You pay for Mistral AI models as you use them (pay as you go). For pay-as-you-go pricing, see Mistral AI model pricing on the Vertex AI pricing

page.

Available Mistral AI models

The following models are available from Mistral AI to use in Vertex AI. To access a Mistral AI model, go to its Model Garden model card.

Mistral Medium 3

Mistral Medium 3 is a versatile model designed for a wide range of tasks, including programming, mathematical reasoning, understanding long documents, summarization, and dialogue. It excels at complex tasks requiring advanced reasoning abilities, visual understanding or a high level of specialization (e.g. creative writing, agentic workflows, code generation).

It boasts multi-modal capabilities, enabling it to process visual inputs, and supports dozens of languages, including over 80 coding languages. Additionally, it features function calling and agentic workflows.

Mistral Medium 3 is optimized for single-node inference, particularly for long-context applications. Its size allows it to achieve high throughput on a single node.

Go to the Mistral Medium 3 model card

Mistral OCR (25.05)

Mistral OCR (25.05) is an Optical Character Recognition API for document understanding. Mistral OCR (25.05) excels in understanding complex document elements, including interleaved imagery, mathematical expressions, tables, and advanced layouts such as LaTeX formatting. The model enables deeper understanding of rich documents such as scientific papers with charts, graphs, equations and figures.

Mistral OCR (25.05) is an ideal model to use in combination with a RAG system that takes multimodal documents (such as slides or complex PDFs) as input.

You can couple Mistral OCR (25.05) with other Mistral models to reformat the results. This combination ensures that the extracted content is not only accurate but also presented in a structured and coherent manner, making it suitable for various downstream applications and analyses.
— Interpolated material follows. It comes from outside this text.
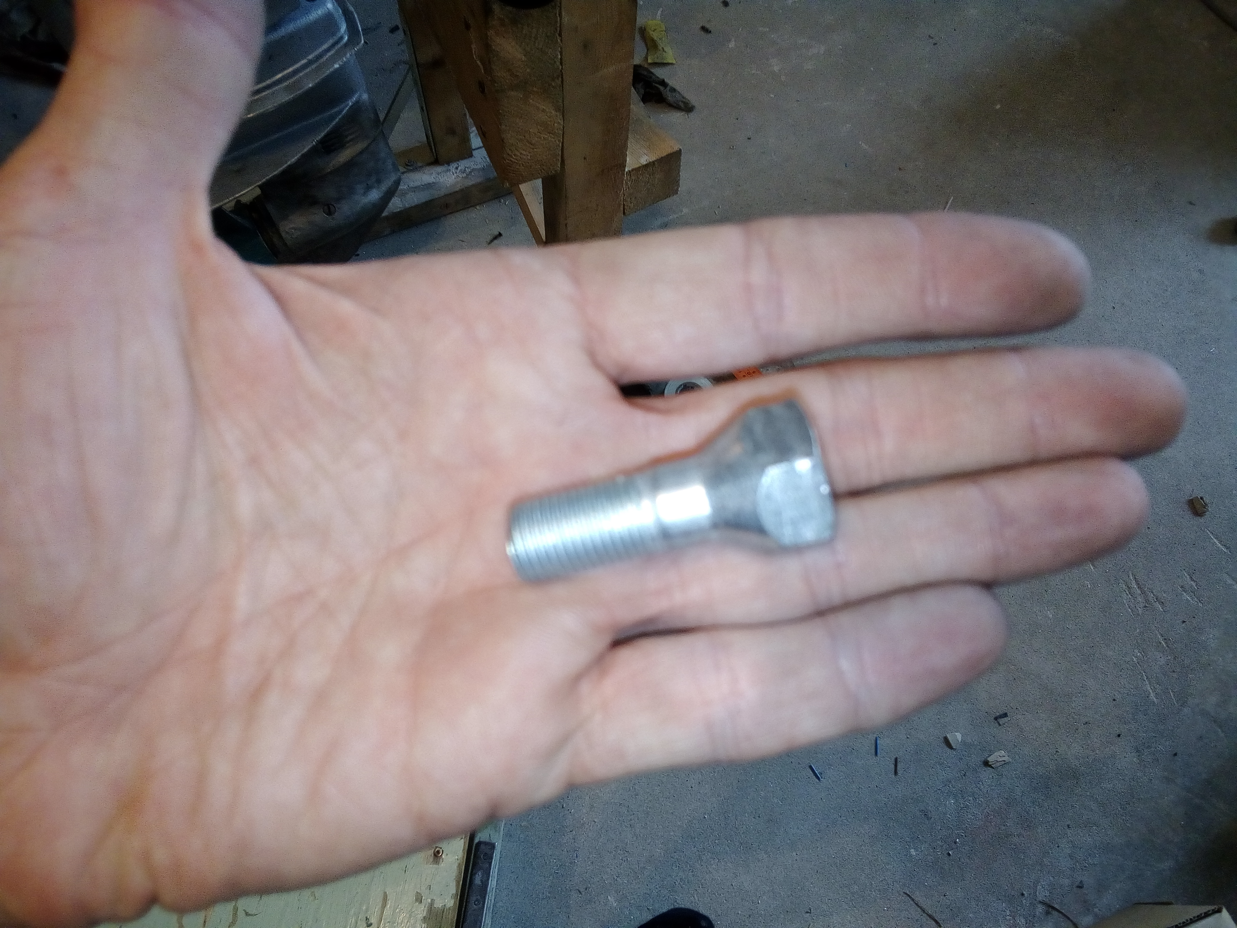 Наверное не только меня раздражает пластмассовая гайка на бензонасосе, на которой при попытке затянуть потуже срывается резьба. Кто-то на форуме уже писал, что выточил такую шайбу из металла. А как быть тем у кого нет доступа к токарному станку? Пришло в голову простое решение, которым делюсь с вами. Покупается болт с конусом для крепление автомобильных колес, отрезается резьба, сверлиться осевое отверстие и нарезается в нем резьба, по-моему М5 уже точно не помню. На гранях головки болта еще можно насверлить отверстий М2 чтобы вставляя в них скажем гвоздь удобней было затягивать эту гайку на установленном бензонасосе.
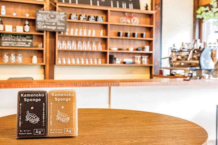 จากที่ขายเฉพาะแปรงจากเส้นใยธรรมชาติมานานนมในปี ค.ศ. 2015 แบรนด์ Kamenoko ก็ออกผลิตภัณฑ์เพื่อรองรับการใช้งานของคุณแม่บ้านยุคใหม่ นั่นคือฟองน้ำทำจากโพลียูรีเทน และตั้งชื่อสินค้ากลุ่มนี้ว่า Kamenoko Sponge โดยมอบหมายให้นักออกแบบรุ่นใหม่ไฟแรงชื่อ Kikuchi Atsuki เป็นผู้ออกแบบบรรจุภัณฑ์ ซึ่งตัวหนังสือและโลโก้พิมพ์สีทึบบนพลาสติกใส เมื่อผนวกเข้ากับฟองน้ำสีสดด้านในทำให้สินค้าดูเตะตา เป็นที่จดจำได้อย่างรวดเร็ว และได้รับรางวัลชนะเลิศ Japan Package Design Grand Prize ประจำปี 2017 ที่ผ่านมา Kamenoko Sponge ขึ้นแท่นงานออกแบบน่าประทับใจ และอยู่ในลิสต์สินค้าที่น่าซื้อเป็นของฝากจากโตเกียวเพราะทั้งเก๋ไก๋ ชิ้นเล็ก ราคาไม่แพง แถมยังน้ำหนักเบา นอกจากนี้ Kamenoko Sponge ยังคอยออกฟองน้ำสีใหม่ๆ ตามฤดูกาลมายั่วใจตลอดๆ เช่น ฤดูใบไม้ผลิ ทำฟองน้ำสีขาวออกมาคู่กับสีชมพูที่ชวนให้นึกถึงซากุระผลิบาน หรือช่วงฤดูใบไม้ร่วงที่ผ่านมาก็ออกคู่สีใหม่สำหรับคอกาแฟ เป็นสีกาแฟดำกับสีกาแฟนมสวยแปลกตาไม่ซ้ำใคร ก่อนกลับจากโตเกียวฉันเดินเข้าร้านขายของที่ระลึกประเภทงานดีไซน์ ก็ยังพบ Kamenoko Sponge สีเทาสวยเท่วางขายในร้านด้วย

Go to the Mistral OCR (25.05) model card

Mistral Small 3.1 (25.03)

Mistral Small 3.1 (25.03) features multimodal capabilities and a context of up to 128,000. The model can process and understand visual inputs and long documents, further expanding its range of applications compared to the previous Mistral AI Small model. Mistral Small 3.1 (25.03) is a versatile model designed for various tasks such as programming, mathematical reasoning, document understanding, and dialogue. Mistral Small 3.1 (25.03) is designed for low-latency applications to deliver best-in-class efficiency compared to models of the same quality.

Mistral Small 3.1 (25.03) has undergone a full post-training process to align the model with human preferences and needs, making it usable out-of-the-box for applications that require chat or precise instruction following.
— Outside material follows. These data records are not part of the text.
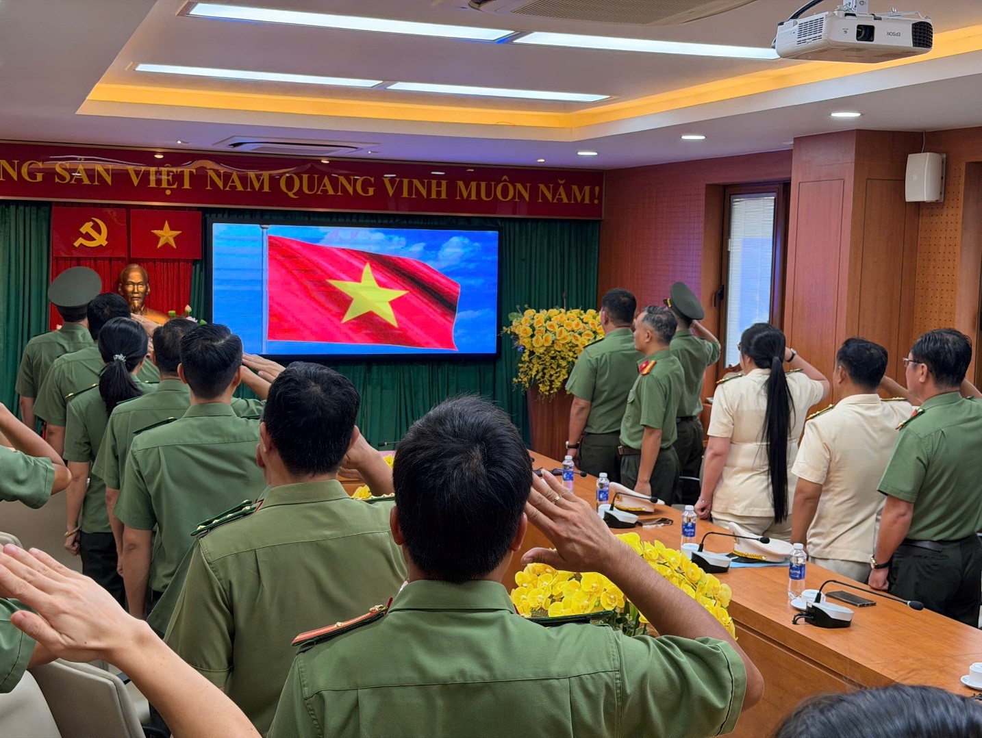 Cán bộ, chiến sĩ thực hiện nghi lễ chào cờ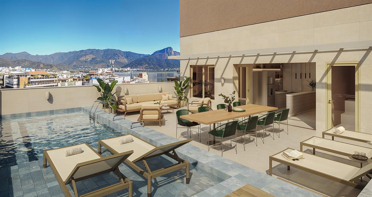 - Rooftop com piscina e vista panorâmica da Zona Sul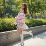 “prompt”: “Ultra realistic full-body portrait of a young woman posing playfully outdoors on a sunny day. The face will follow the uploaded reference image. She stands near a low brick wall with lush green trees behind her, lifting one leg slightly backward while resting one arm on the wall. Her expression is cheerful and confident, looking slightly sideways toward the camera. Her hair flows naturally over her shoulders and down her back. Her hairstyle moves gently with the breeze, catching the sunlight for a glossy natural shine. She wears a short floral dress with pink, white, and green patterns, layered with a light pink jacket draped loosely over her shoulders. A small pastel pink shoulder bag hangs elegantly by her side, and she completes the outfit with sleek white knee-high boots. The environment combines urban and natural elements — a stone wall, tiled ground, and green trees. Lighting is bright natural daylight with soft warm highlights and gentle shadows, creating a vibrant and realistic tone. The atmosphere feels feminine, modern, and fresh, blending Korean street fashion with cinematic elegance.”,

Go to the Mistral Small 3.1 (25.03) model card

Mistral Large (24.11)

Mistral Large (24.11) is the latest version of Mistral AI's Large model now with improved reasoning and function calling capabilities.

Agent-centric: best-in-class agentic capabilities with built-in function calling and JSON outputs.
Multi-lingual by design: dozens of languages supported, including English, French, German, Spanish, Italian, Chinese, Japanese, Korean, Portuguese, Dutch, and Polish
Proficient in coding: trained on 80+ coding languages such as Python, Java, C, C++, JavaScript, and Bash. Also trained on more specific languages such as Swift and Fortran
Advanced reasoning: state-of-the-art mathematical and reasoning capabilities.
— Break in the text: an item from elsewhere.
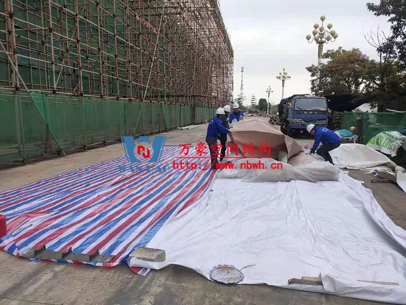 汕尾市體育中心(一期)工程田徑場膜結(jié)構(gòu)項(xiàng)目位于廣東省汕尾市,PTFE膜結(jié)構(gòu)展開面積5000平米,由寧波萬豪空間結(jié)構(gòu)工程有限公司承建。 目前,該項(xiàng)目的鋼結(jié)構(gòu)工程部分已完成,進(jìn)入膜結(jié)構(gòu)安裝階段。 期待整個(gè)工程的完工,來領(lǐng)略它別致的風(fēng)采。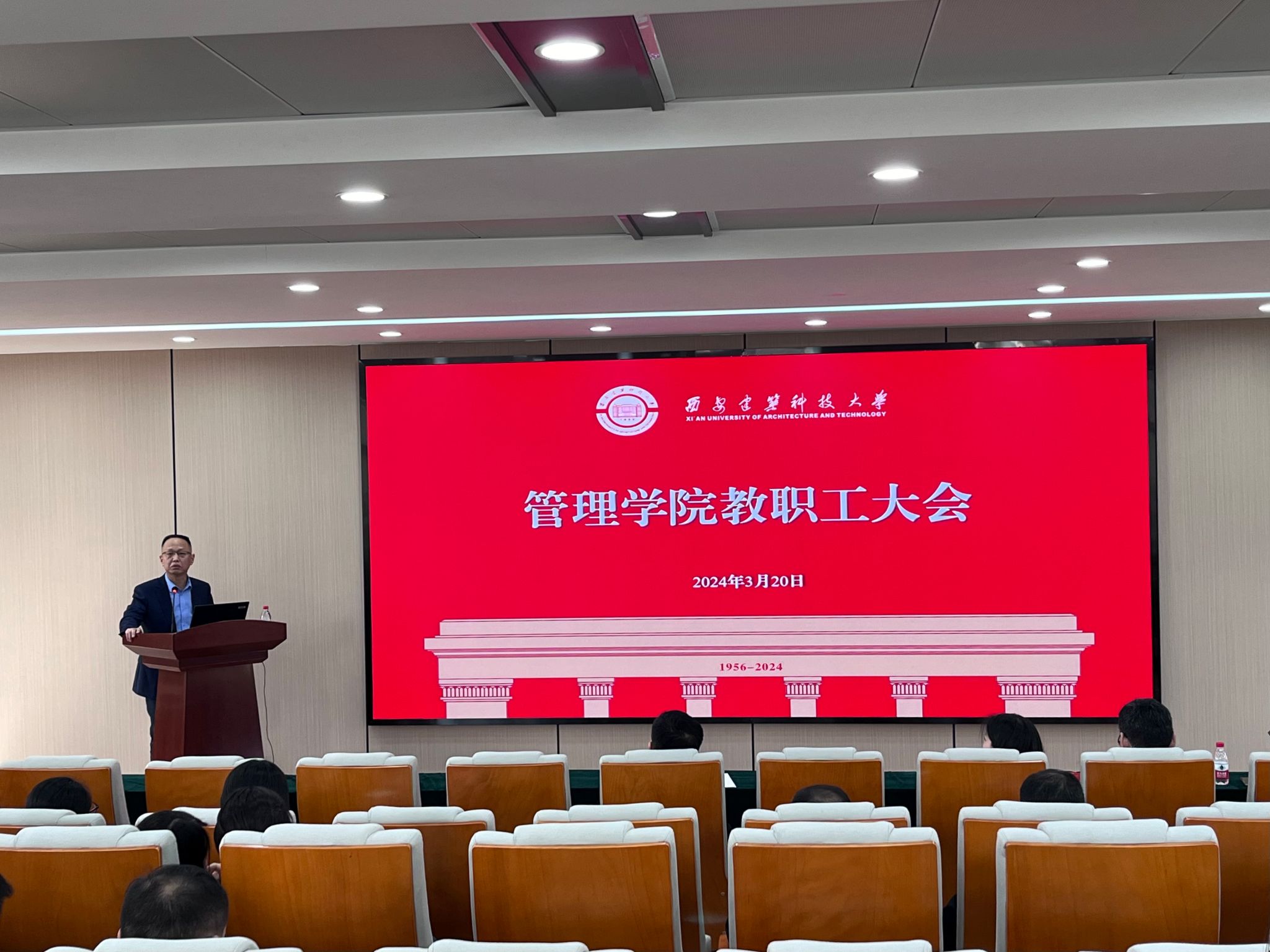 3月20日下午,雷竞技RAYBET在教学主楼440召开2024年春季学期教职工大会,学习传达学校党委全委(扩大)会议精神,安排部署学院2024年重点工作。雷竞技RAYBET领导班子成员、全体教职工参加会议,会议由院长助理苏颖妍主持。

Go to the Mistral Large (24.11) model card

Codestral 2

Codestral 2 is Mistral's code generation specialized model built specifically for high-precision fill-in-the-middle (FIM) completion. It helps developers write and interact with code through a shared instruction and completion API endpoint. As it masters code and can also converse in a variety of languages, it can be used to design advanced AI applications for software developers.

The latest release of Codestral 2 delivers measurable upgrades over prior version Codestral (25.01):

30% increase in accepted completions.
10% more retained code after suggestion.
50% fewer runaway generations, improving confidence in longer edits.

Improved performance on academic benchmarks for short and long-context FIM completion.

Code generation: code completion, suggestions, translation.
Code understanding and documentation: code summarization and explanation.
Code quality: code review, refactoring, bug fixing and test case generation.
Code fill-in-the-middle: users can define the starting point of the code using a prompt, and the ending point of the code using an optional suffix and an optional stop. The Codestral model will then generate the code that fits in between, making it ideal for tasks that require a specific piece of code to be generated.

Go to the Codestral 2 model card

Codestral (25.01)

Codestral (25.01) is designed for code generation tasks. It helps developers write and interact with code through a shared instruction and completion API endpoint. As it masters code along with its ability to converse in a variety of languages, you can use Codestral (25.01) to design advanced AI applications for software developers.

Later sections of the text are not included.